(GIVEN DATA Opens)

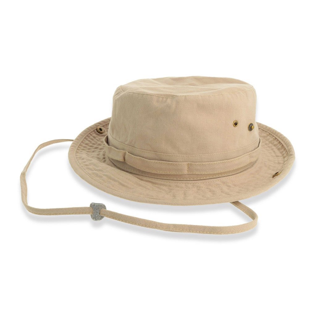 Non pu˜ mancare dentro lo zaino del viaggiatore questo indistruttibile cappello con tesa, in forte canvas di cotone reso supermorbido dal sapiente lavaggio ad enzimi. Doppia band laterale, occhielli e bottoni a pressione in ottone anticato, sottotesa a contrasto per esaltarne la versione western. Confortevole il laccio in cordino di canvas.
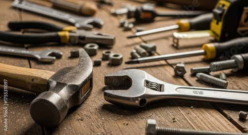 © Jewel, Fototapeta premium A closeup of various hand tools scattered on a wooden surface, including a hammer, wrench, screwdrivers, pliers, and nuts and bolts, creating a workshop scene
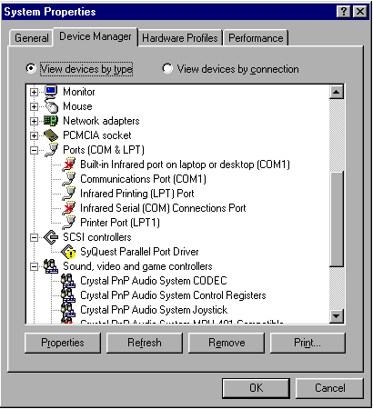 1. Open Device Manager (Start->Settings->Control Panel-> Double click on the System icon)
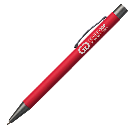 De JAMAICA metalen balpen heeft een stijlvolle rubber finish en is voorzien van antracietkleurige details (drukker, clip en punt). De pen is te personaliseren met lasergravering en is blauwschrijvend.
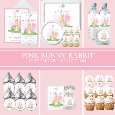 Pink Bunny Rabbit Party Collection | Edible Cake Toppers, Cupcake Picks, Labels & Favor Bags
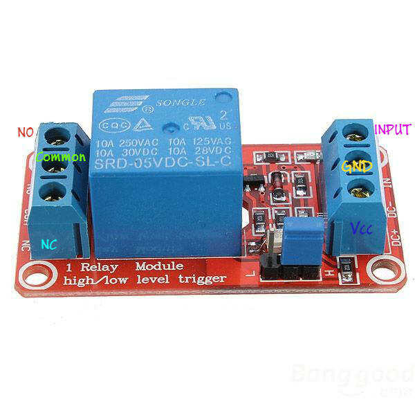 Cuando tengas algo conectado a los relés que sin conector (normalmente abierto) y establecer el correspondiente PIN en bajo (0v), energía fluirá del conector COMM y el conector NO accionar el dispositivo.
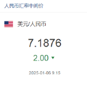 1月6日,人民币兑美元中间价报7.1876,上调2点。
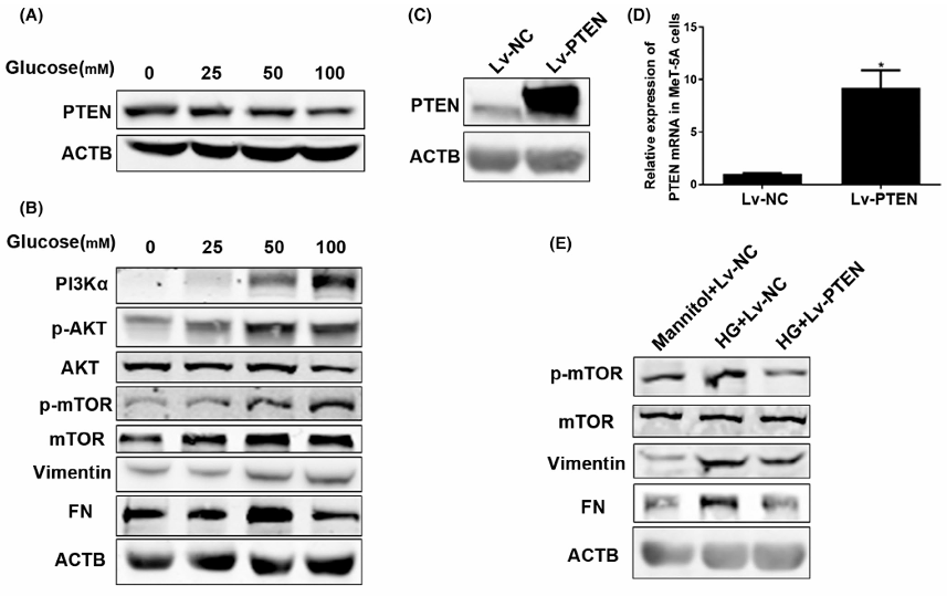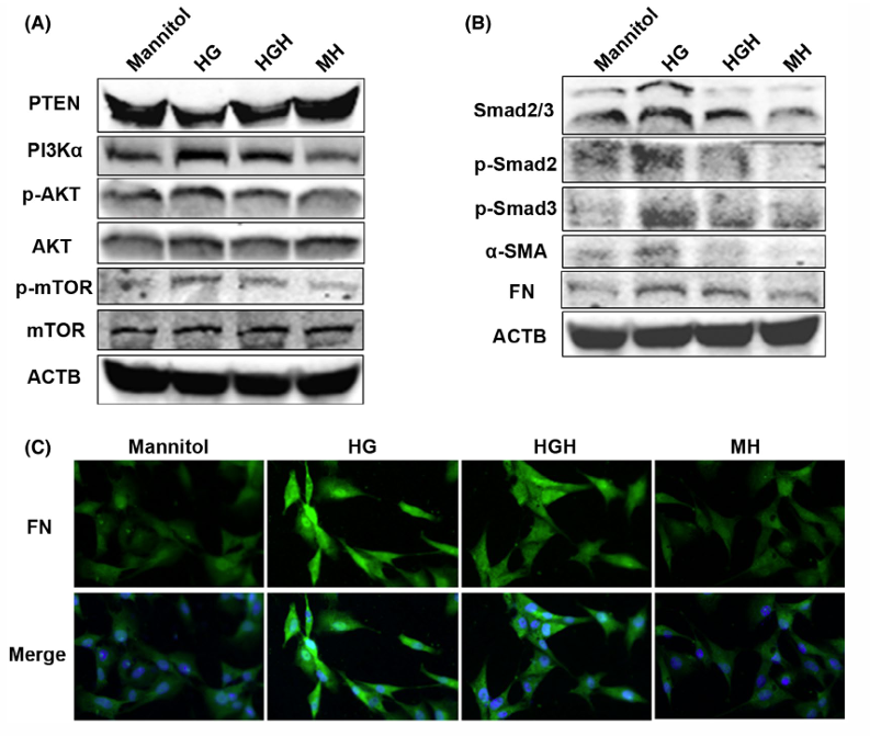 高葡萄糖通過降低PTENJI活PI3K/AKT/mTOR通路,氫處理可抑制該通路及纖維化標志物(如纖維連接蛋白FN)表達。過表達PTEN或氫處理均能緩解mTORJI活和纖維化。
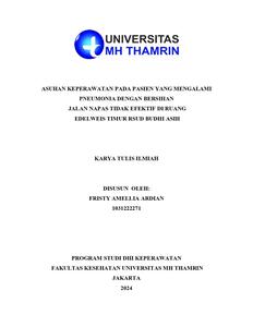 Fristy Amellia, Ardian (2024) ASUHAN KEPERAWATAN PADA PASIEN YANG MENGALAMI PNEUMONIA DENGAN BERSIHAN JALAN NAPAS TIDAK EFEKTIF DI RUANG EDELWEIS TIMUR RSUD BUDHI ASIH. Diploma thesis, Universitas Mohammad Husni Thamrin.
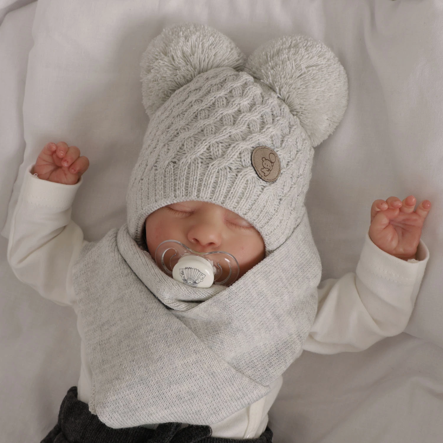 Der zum Set gehörende Schal wurde so entworfen, dass er den Hals des Kindes perfekt umhüllt und vor Kälte und Zugluft schützt. Er ist breit genug, um ausreichenden Schutz zu bieten, schränkt aber gleichzeitig die Bewegungen des Kleinen beim Spielen nicht ein.
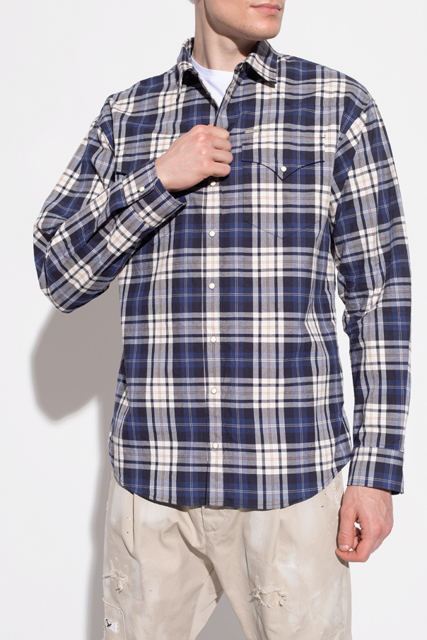 Navy, white and beige shirt from Dsquared2. Made of cotton, this garment features snap fastenings, two flap pockets, metal logo appliqué in silver-tone and long sleeves with snap-fastened cuffs.

(GIVEN DATA Closes)

Go to the line above that has "De JAMAICA metalen" and copy exactly from there down to the line that has "Fristy Amellia, Ardian", both included. Leave the pictures out.

 De JAMAICA metalen balpen heeft een stijlvolle rubber finish en is voorzien van antracietkleurige details (drukker, clip en punt). De pen is te personaliseren met lasergravering en is blauwschrijvend.
 Pink Bunny Rabbit Party Collection | Edible Cake Toppers, Cupcake Picks, Labels & Favor Bags
 Cuando tengas algo conectado a los relés que sin conector (normalmente abierto) y establecer el correspondiente PIN en bajo (0v), energía fluirá del conector COMM y el conector NO accionar el dispositivo.
 1月6日,人民币兑美元中间价报7.1876,上调2点。
 高葡萄糖通過降低PTENJI活PI3K/AKT/mTOR通路,氫處理可抑制該通路及纖維化標志物(如纖維連接蛋白FN)表達。過表達PTEN或氫處理均能緩解mTORJI活和纖維化。
 Fristy Amellia, Ardian (2024) ASUHAN KEPERAWATAN PADA PASIEN YANG MENGALAMI PNEUMONIA DENGAN BERSIHAN JALAN NAPAS TIDAK EFEKTIF DI RUANG EDELWEIS TIMUR RSUD BUDHI ASIH. Diploma thesis, Universitas Mohammad Husni Thamrin.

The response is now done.